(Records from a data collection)
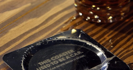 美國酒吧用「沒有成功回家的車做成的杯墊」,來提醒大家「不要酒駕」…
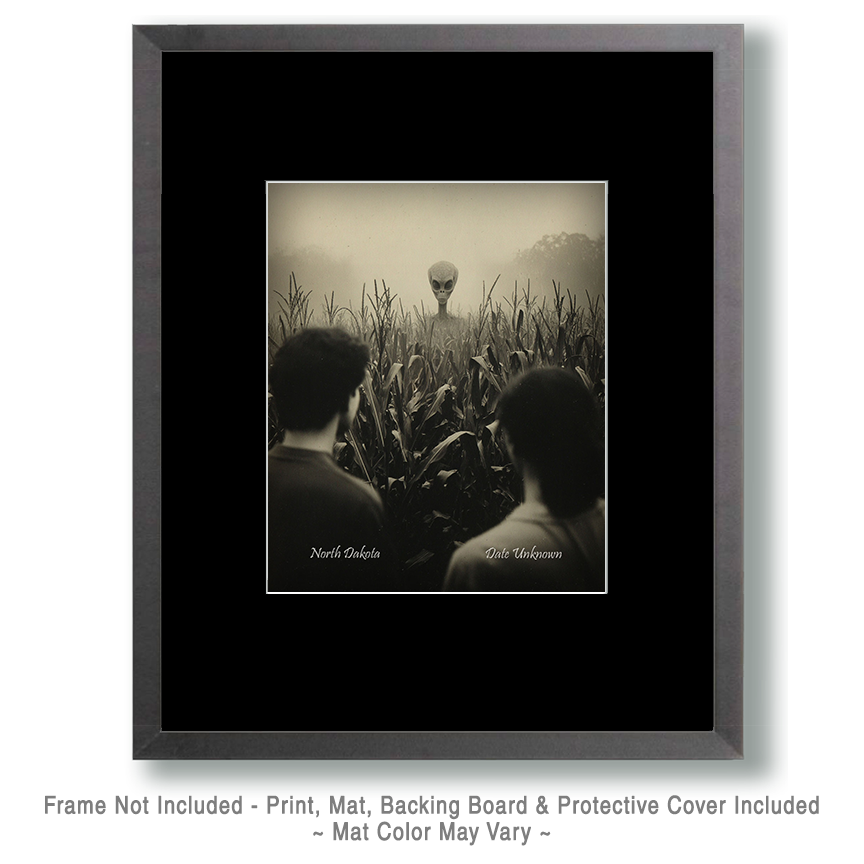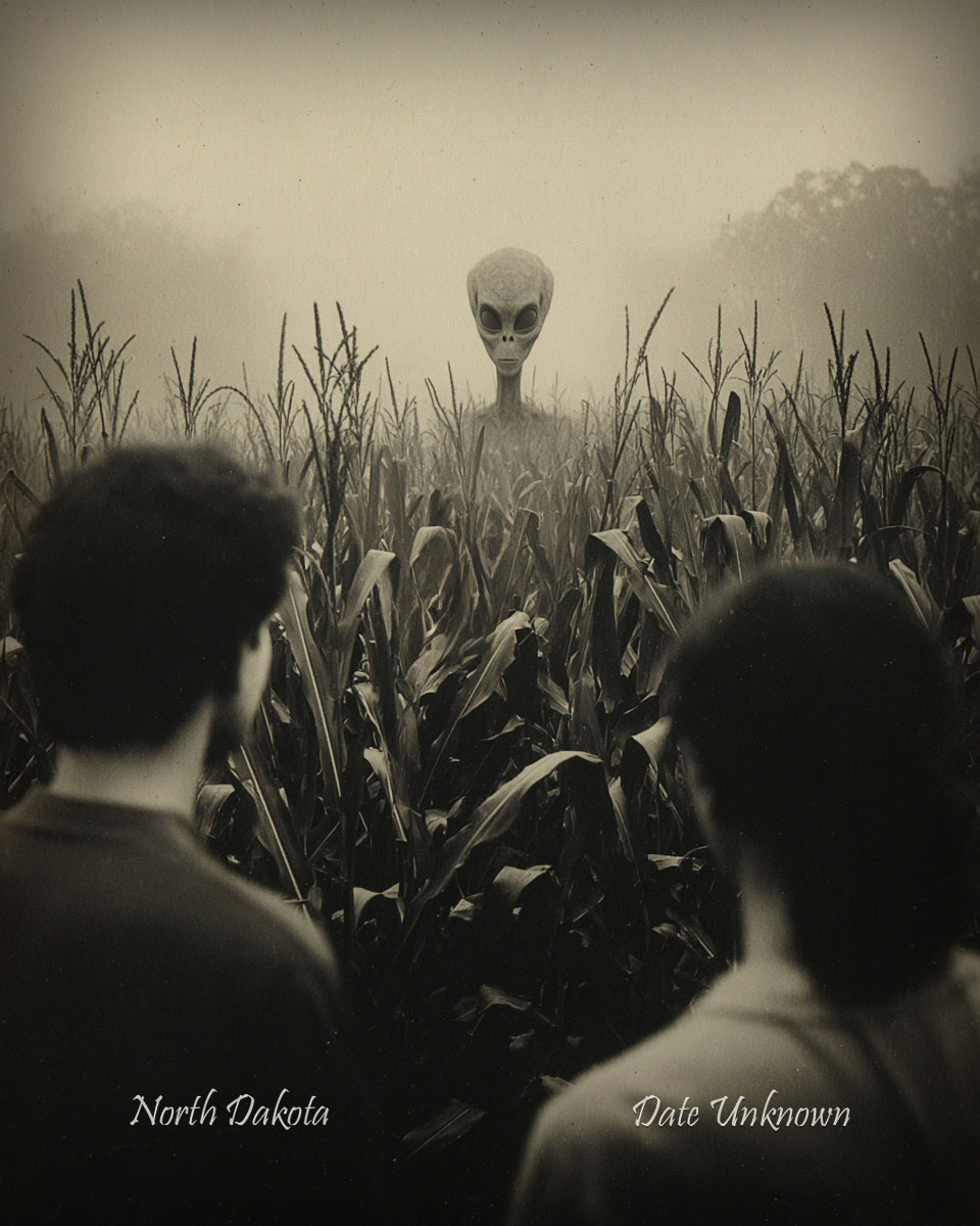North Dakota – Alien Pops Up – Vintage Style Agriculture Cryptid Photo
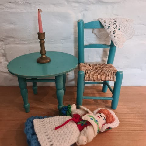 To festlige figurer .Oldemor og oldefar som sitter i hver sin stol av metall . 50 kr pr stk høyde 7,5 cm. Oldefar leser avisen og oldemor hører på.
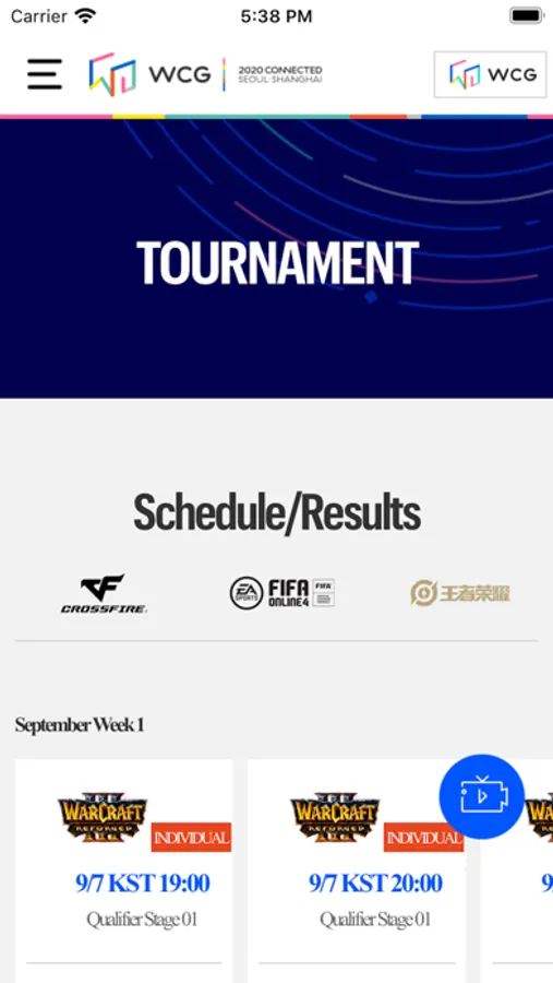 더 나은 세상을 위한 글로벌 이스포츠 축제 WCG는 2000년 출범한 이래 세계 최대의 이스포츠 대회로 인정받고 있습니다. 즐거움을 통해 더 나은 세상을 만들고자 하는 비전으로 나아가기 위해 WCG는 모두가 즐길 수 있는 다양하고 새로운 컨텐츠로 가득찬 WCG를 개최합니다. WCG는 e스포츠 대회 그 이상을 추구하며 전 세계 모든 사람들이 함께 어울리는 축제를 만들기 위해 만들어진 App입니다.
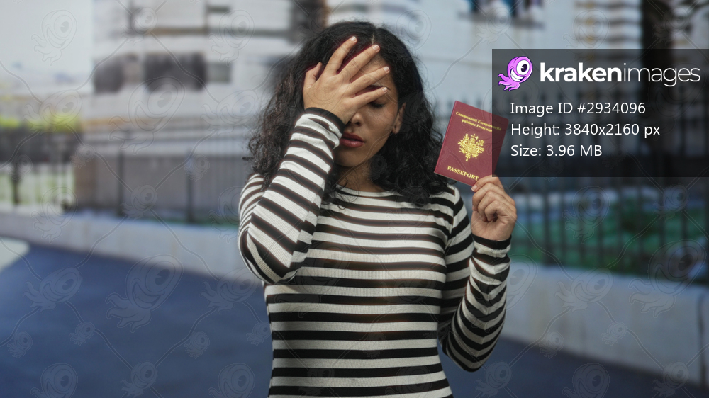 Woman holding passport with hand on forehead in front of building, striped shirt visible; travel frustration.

To do> From the first line to the last, copy the records exactly and skip the pictures.

Task result>
 美國酒吧用「沒有成功回家的車做成的杯墊」,來提醒大家「不要酒駕」…
North Dakota – Alien Pops Up – Vintage Style Agriculture Cryptid Photo
 To festlige figurer .Oldemor og oldefar som sitter i hver sin stol av metall . 50 kr pr stk høyde 7,5 cm. Oldefar leser avisen og oldemor hører på.
 더 나은 세상을 위한 글로벌 이스포츠 축제 WCG는 2000년 출범한 이래 세계 최대의 이스포츠 대회로 인정받고 있습니다. 즐거움을 통해 더 나은 세상을 만들고자 하는 비전으로 나아가기 위해 WCG는 모두가 즐길 수 있는 다양하고 새로운 컨텐츠로 가득찬 WCG를 개최합니다. WCG는 e스포츠 대회 그 이상을 추구하며 전 세계 모든 사람들이 함께 어울리는 축제를 만들기 위해 만들어진 App입니다.
 Woman holding passport with hand on forehead in front of building, striped shirt visible; travel frustration.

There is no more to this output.